PROBLEM TO WORK ON: Copy nothing but the text: reproduce each line of the listing exactly and leave the pictures out.

DATA PROVIDED:
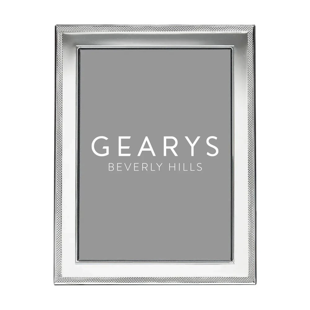 Traditional elegance in sterling silver, the Cross Hatch Border frame from Tizo features an impressive narrow border of cross hatching on the outer edge. A dramatic choice and the perfect fit for any decor, this frame is finished with a wood back.
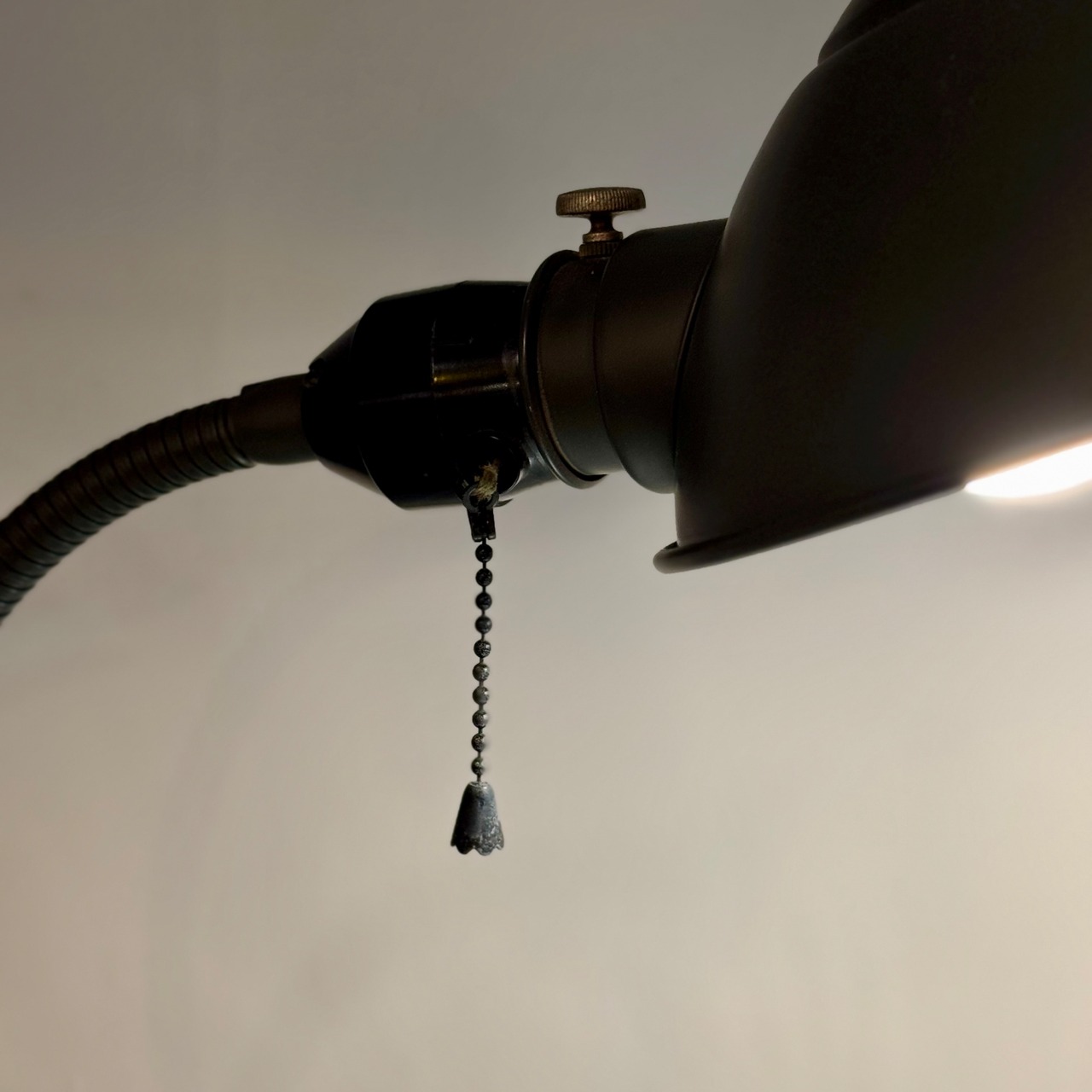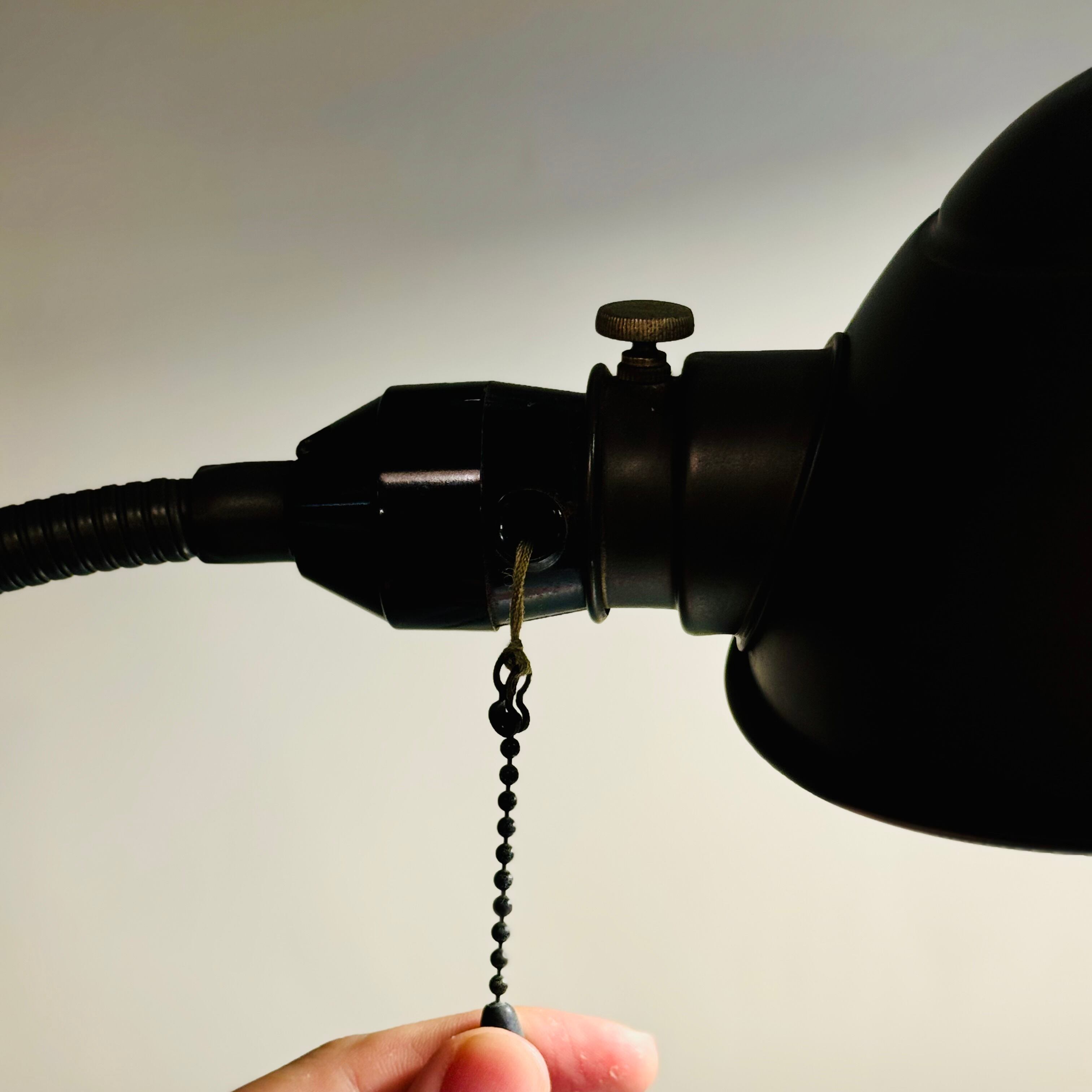 引き紐式スイッチが付いており、点灯・消灯も問題なく動作確認済み。電球付きのため、到着後すぐにご使用いただけます。
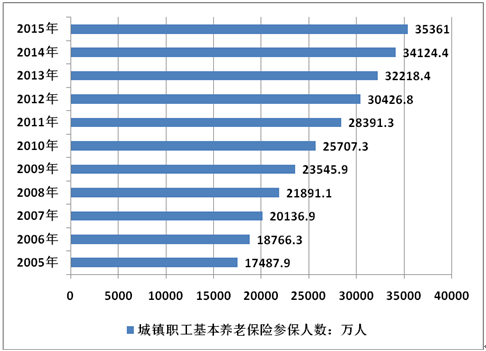 2005~2015年中國城鎮職工基本養老保險參保人數情況

TASK SOLUTION:
 Traditional elegance in sterling silver, the Cross Hatch Border frame from Tizo features an impressive narrow border of cross hatching on the outer edge. A dramatic choice and the perfect fit for any decor, this frame is finished with a wood back.
 引き紐式スイッチが付いており、点灯・消灯も問題なく動作確認済み。電球付きのため、到着後すぐにご使用いただけます。
 2005~2015年中國城鎮職工基本養老保險參保人數情況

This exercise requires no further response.